Iceland/Greenland 2018 travel blog

The Sea Spirit at dock in Sisimiut

Entrance to the old town (museum) in Sisimiut

Sled dogs outside town

Kayak demo

Kayaker rolling

Our cabin on Sea Spirit


Our trip began with a tour of Sisimiut, the second-largest town in Greenland, with 5600 residents (i.e., about Clinton, NY, size). It feels like a small fishing village. It is about 40 km above the Arctic Circle, and is the northernmost year-round ice-free port. Passengers were divided into groups based on language. Our guide to Sisimiut was Evie, a young woman from the town.

Evie pointed out an artists’ workshop near the pier, then led us up the hill, through a whale-jawbone arch to the old town, which is now a museum, with a church dating from 1775, an administrative building, a store, and a turf house. Now they are all part of the museum.

The earliest settlements still surviving in Greenland were by Inuit from Canada beginning in the 13th century. Vikings began European settlement soon after in Southern Greenland. Because the Inuit could not read Norse language, early buildings were color coded: blue for church, red for store or administrative, etc. Although the coding is no longer necessary, Greenlandic towns continue to be colorful.

Our tour continued up the hill past a dog park, where sled dogs are kept, outside of town. Each one is staked and chained so it cannot reach the others. These dogs are working dogs, not pets, and can be dangerous to people and each other just as people can be dangerous to them. They do have enough chain (several feet) so they can move around. Most were just sleeping on the bare ground. We were warned not to interact with them; if a dog bites a person, the dog is killed.

Evie also pointed out a couple of schools, the cemetery, and the city hall. Then we had some time to wander on our own. I think Sisimiut has both primary and secondary schools. The only university in Greenland is in Nuuk, the capital. I stopped in a bank and got some Danish Kroner, which I never really needed. I also went into a grocery store but did not buy anything.

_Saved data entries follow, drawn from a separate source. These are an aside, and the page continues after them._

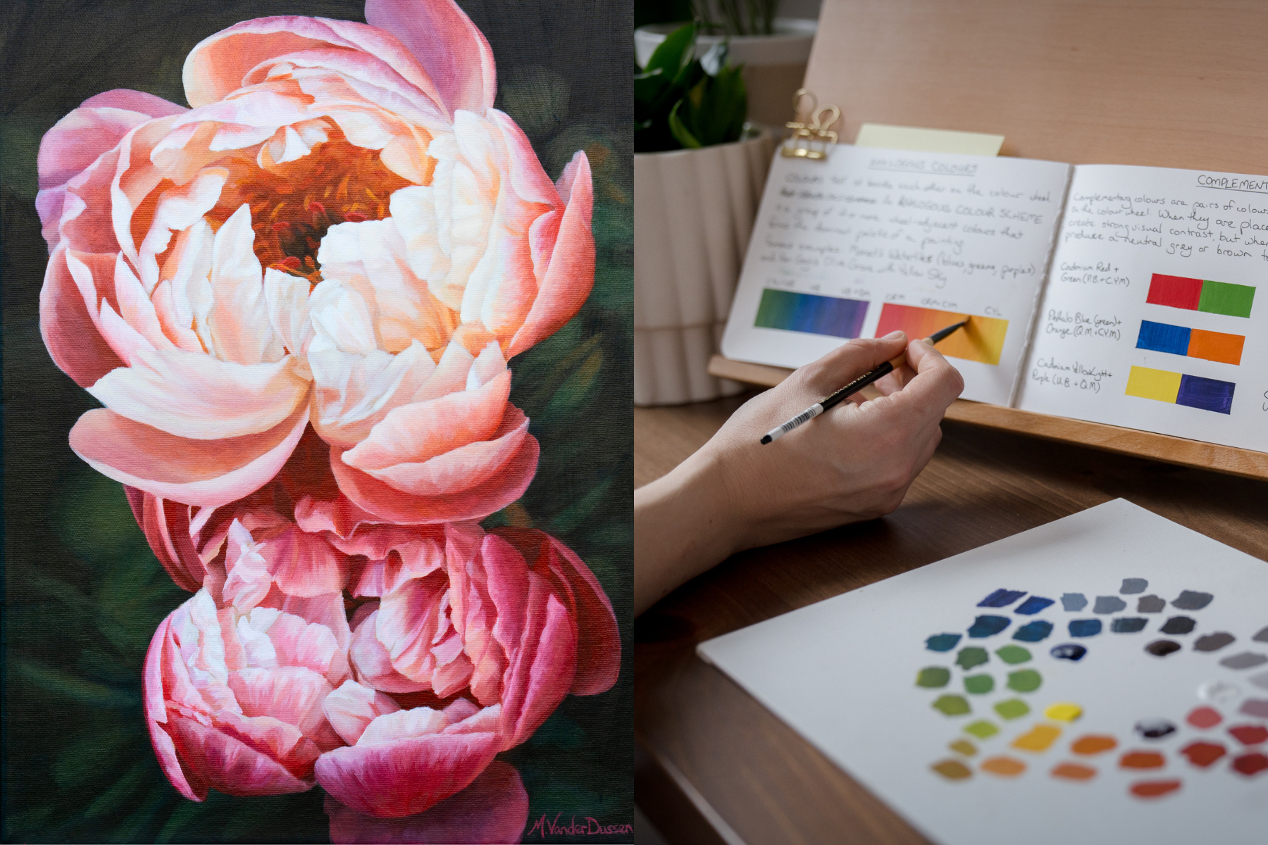 In my lessons, I break down complex techniques into practical, easy-to-follow steps using acrylic, oil, and sketchbooks. Through my YouTube tutorials and structured courses, I guide you in developing strong foundations, painting with intention, and progressing at your own pace.
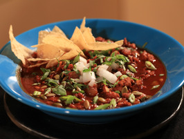 This recipe was conceived in the grocery store aisle many years ago and was a staple in our family for years. Imagine my surprise when my husband entered it in a chili contest and we took first place!
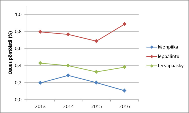 Leppälintuja havaittiin vuonna 2016 paljon ja tervapääskyjä viime vuotta paremmin, mutta käenpiikoja niukasti.
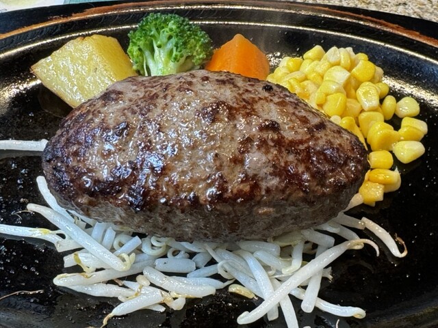 前日に孤独のグルメでハンバーグを食べていた吾郎さんを見て、ステーキよりハンバーグが食べたくなり、かうはーどハンバーグとBセットのライ麦パンと牛汁、かうはーどサラダのハーフサイズを注文。
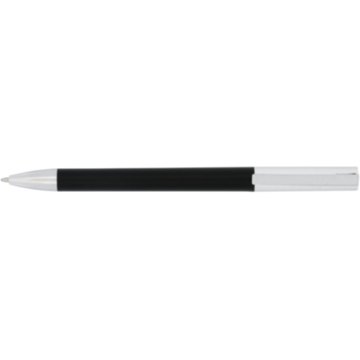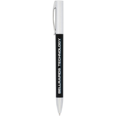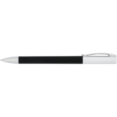 Twist action ballpoint pen with metallic clip and metallic finishing.
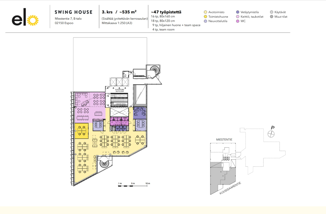 Business Center Swing. Vuokrattavissa on modernia toimistotilaa keskeisellä sijainnilla aivan Keilaniemen ja Otaniemen metroasemien ja raidejokerin läheisyydessä. Valoisa, ekologinen ja vehreä toimistotalo rakentuu luonnonmukaisista materiaaleista. Kiinteistössä tulee toimimaan myös 260-paikkainen hotelli. Swingissä on kattavat oheispalvelut kuten; - vastaanotto, - neuvottelukeskus, -viihtyisät lounge tilat, - kuntosali jne. Swing House tarjoaa vuokrattavia tiloja alkaen 20 hengen yrityksistä aina suurienkin organisaatioiden tilatarpeisiin. Yhden kerroksen pinta-ala on noin 900m2 ja se voidaan jakaa neljään osaan. Ota yhteyttä ja sovi esittely, palvelumme on tilanhakijalle maksutonta.
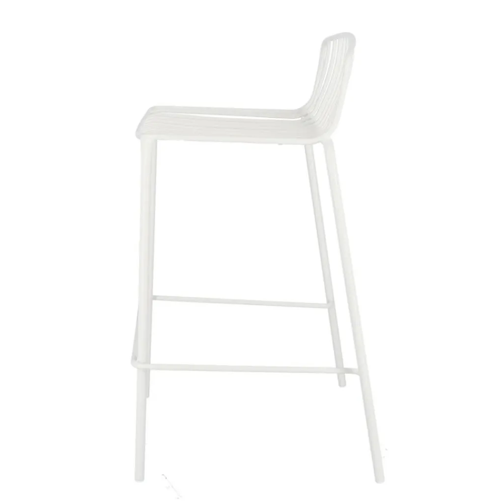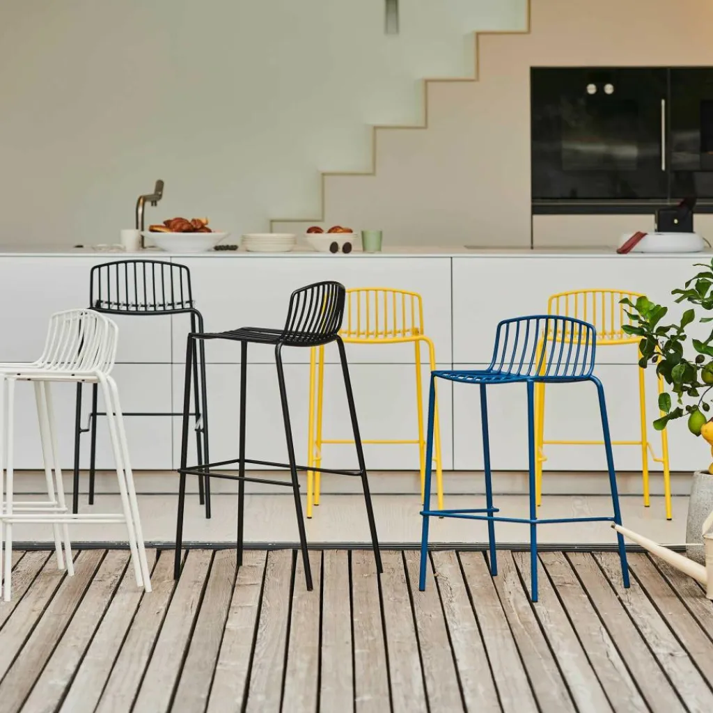 Für entspannte Momente im Außenbereich ist der Mori Gartenbarstuhl 65cm die perfekte Wahl. Er setzt aber nicht nur auf Balkon und Terrasse einen modernen Akzent, sondern überzeugt auch im Esszimmer und an der Kücheninsel mit seiner filigranen Gestalt. Das Design des Barstuhls wird durch schmale, fortlaufende Verstrebungen an der leicht konkaven Sitzfläche und der kurzen, oben abgerundeten Rückenlehne geprägt. Darüber hinaus verfügt der Stuhl über ein schlankes Gestell mit vier Beinen und schmalen Fußstützen, die vorne und an den Seiten Komfort und Stabilität schenken. Das bis 4 Stück stapelbare Modell ist aus pulverbeschichtetem Stahl hergestellt, der wetterbeständig den Elementen im Freien trotzt. Erhältlich ist das Sitzmöbel in unterschiedlichen neutralen und leuchtenden Farben, die sowohl allein als auch in Kombination drinnen und draußen optimal zur Geltung kommen.

Heading back down toward the ship, I browsed the museum, which included settlement history, tools, relics, and local art. I also stopped in the artists’ workshop near the harbor, but did not buy anything there, either. Various crafts were displayed for sale, including carvings of walrus and reindeer bone. I later found out they can legally sell walrus and whale carvings, but we cannot legally import them into the US.

Back on board, the afternoon included lunch, a little hand laundry in the bathroom, and a welcome meeting with the Expedition Leader and Hotel Director, followed by a safety drill, for lifejackets, zodiac safety, and lifeboats.

Before we left port, a local kayaker gave us a 15-20 minute performance of kayaking skills beside the ship, demonstrating many rolls in his kayak. Mind you, there were icebergs floating in that water.

After we left port, the Captain’s welcome meeting and reception was followed by a recap of the day and briefing on tomorrow. The recap and briefing was repeated before dinner each day. Dinner was at 7:30 (this was okay, because we always had “tea” at 4 pm, with sandwiches and desserts). Dinner was the only meal where we sat, ordered from a menu, and the meal was served to us. But it was open seating, so we could choose whom to sit with. Breakfast and lunch were buffet-style.

After dinner we returned to our cabin for the night. Oh, yes, our cabin. It was big, with a king bed near the portholes, which could be covered with heavy drapes to darken it. The sky never darkened (we were already north of the Artic Circle!). A curtain could separate the sleeping area from a sitting area with a couch and a big TV, a mini fridge, and dresser. A closet was opposite the bathroom, and a desk was in the part with the bed. I’ve been in motel and hotel rooms that were much smaller. Quite a change from our Galaxy Hostel pod.